По России голубой порошей метет метель. Вспыхивают голодные бунты. Дезертиры организуют грабительские отряды. Раздирают гармоники новобранцы, бьют стекла, жгут воинские присутствия. Снег. Кровь. Огонь… Коленька Хохлов пишет крутолобому Толе Житомирскому:
«По-прежнему отсиживаюсь в пекарне. Отрастил бороду, и сразу седую: в муке. Продумываю новую живописную форму. При первой возможности примусь за реализацию. Представляя собой „единый“ фронт с Францией, мы уже более двух с половиной лет фактически совершенно оторваны от Парижа. Не могу, однако, допустить, чтобы художественная жизнь там иссякла. Если доходят до тебя какие-либо оттуда сведения — высылай. Думаю, что период нашего увлечения Сезанном со всем и его последствиями (кубизм и пр.), т. е. наш русский (точнее — московский) сезаннизм — вполне пережит, Сезанн превращается в жвачку. Думаю, что ему из точки притяжения пора перейти в точку отталкивания…
Жду с нетерпением твою новую книгу… Апушин, видимо, заскоруз окончательно в какой-то парламентской экспедиции на Запад…»
3
Что может быть скучнее февральской революции? Буржуазная революция похожа на барыню, которая, получив мигрень в непроветренных апартаментах, отправилась погулять без определенной цели: стоит и не знает — свернуть ли ей влево или вправо, или идти прямо, вперед, или вообще пора возвращаться обратно. Барыне чрезвычайно скучно и не по себе, окружающим смотреть на нее тоже невесело. Растроганный Милюков в порыве демократического великодушия приветствует появление Ленина как всемирно известного вождя социалистов. Керенский произносит речи о спасении революции, разъезжает по фронтам, воображая себя главнокомандующим. Московские дамы забрасывают его розами.
В заплатанной солдатской шинели объявляется на Фурштадской улице Коленька Хохлов.
— Здравствуй, мама! Здравствуй, отец! Вот и я — солдатский делегат. А вот — товарищ Шевырева, Мотя, — рабочая делегатка из Старой Руссы. Скорее ванну: вшей отмачивать.
Товарищ Мотя целыми днями пропадает на собраниях, а Коленька пишет картины. Хохловы счастливы его возвращению, они гордятся своим сыном.
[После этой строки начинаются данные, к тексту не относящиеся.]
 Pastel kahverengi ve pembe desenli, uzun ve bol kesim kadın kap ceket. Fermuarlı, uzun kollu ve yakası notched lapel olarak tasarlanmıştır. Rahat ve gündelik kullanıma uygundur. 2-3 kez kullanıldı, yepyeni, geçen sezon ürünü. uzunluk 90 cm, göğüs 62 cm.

Правда, он не дослужился ни до капитана, ни даже до поручика, но зато, когда он заходит в домовый комитет, — все решения немедленно склоняются в его сторону.
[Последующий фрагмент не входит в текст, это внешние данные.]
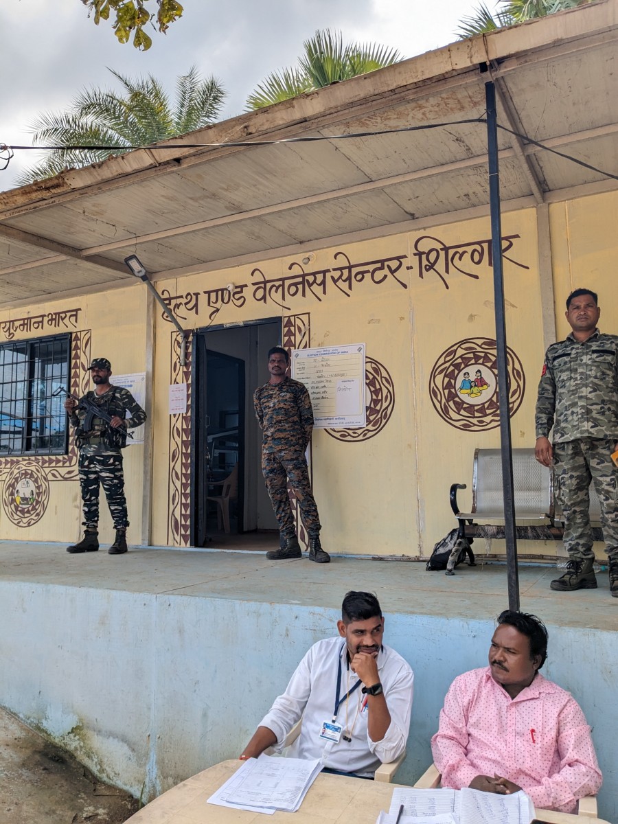A couple of kilometres from the Mokur camp where four tribals were killed by security personnel on May 17, 2021, when they opened fire on a protesting crowd, and just 500 meters from the spot where several tribals sat on a protest for a year after the incident, the polling booth stands tall, albeit protected by over 80 security personnel, spread across a radius of 2 km around the booth.

Календарь близится к Октябрю. Крупнейший курский помещик Трепак-Висковатый, одетый в поддевку цвета электрик, останавливает посреди Театральной площади свой автомобиль.
— Граждане святой Москвы! — восклицает он, снимая мужицкую фуражку с седеющих кудрей. — Русские люди! По примеру Минина и Пожарского отдадим свое имущество на алтарь отечества! Грозный час наступил. Черные тучи надвигаются на святую и свободную мать Россию. Сегодня — день «Красной Гвоздики», день сбора на последнее решительное наступление наших славных воинов против зарвавшихся внешних врагов. По примеру великих патриотов русских докажите вашу готовность к жертве во имя Родины. Опускайте посильную лепту в эти скромные кружки. Да здравствует великая, свободная Россия! Все — на войну до победного конца!
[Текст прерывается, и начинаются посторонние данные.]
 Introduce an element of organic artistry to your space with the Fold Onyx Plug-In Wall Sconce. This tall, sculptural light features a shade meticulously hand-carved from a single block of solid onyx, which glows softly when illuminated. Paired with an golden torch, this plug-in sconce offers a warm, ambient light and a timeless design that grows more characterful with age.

Автомобиль несет Трепака-Висковатого по улицам Москвы. К вечеру Трепак-Висковатый в поддевке цвета электрик заезжает в «Эрмитаж» отведать судака по-польски и бокал-другой Пуи. По адресу щедрого гостя стелется в зале почтительный шепот. Поддевка удобно раскидывается в кресле, ладонь подпирает задумчивую седеющую голову. Среди столиков проходят сборщики «Красной Гвоздики».
— Ба! — радуется Трепак-Висковатый, опуская в кружку крупную бумажку. — Иван Иваныч, ты ли? Ну, как работаешь?
Иван Иваныч близко наклоняется к седеющим кудрям и шепчет, косясь на кружку:
— Преимущественно перочинным ножиком, но приходится и дамской шпилькой.
4
Происходил ли разговор о пишущей машинке наяву или только приснился Коленьке Хохлову, — этого он никогда не мог впоследствии сказать определенно. Инженер Бобровский как сквозь землю провалился. Передавали, что он сбежал немедленно после Октября. Так или иначе, Коленька никогда более с ним не встречался, разговор же (действительный или приснившийся) имел в те годы немаловажное значение, хотя сам по себе не представлял ничего необыкновенного.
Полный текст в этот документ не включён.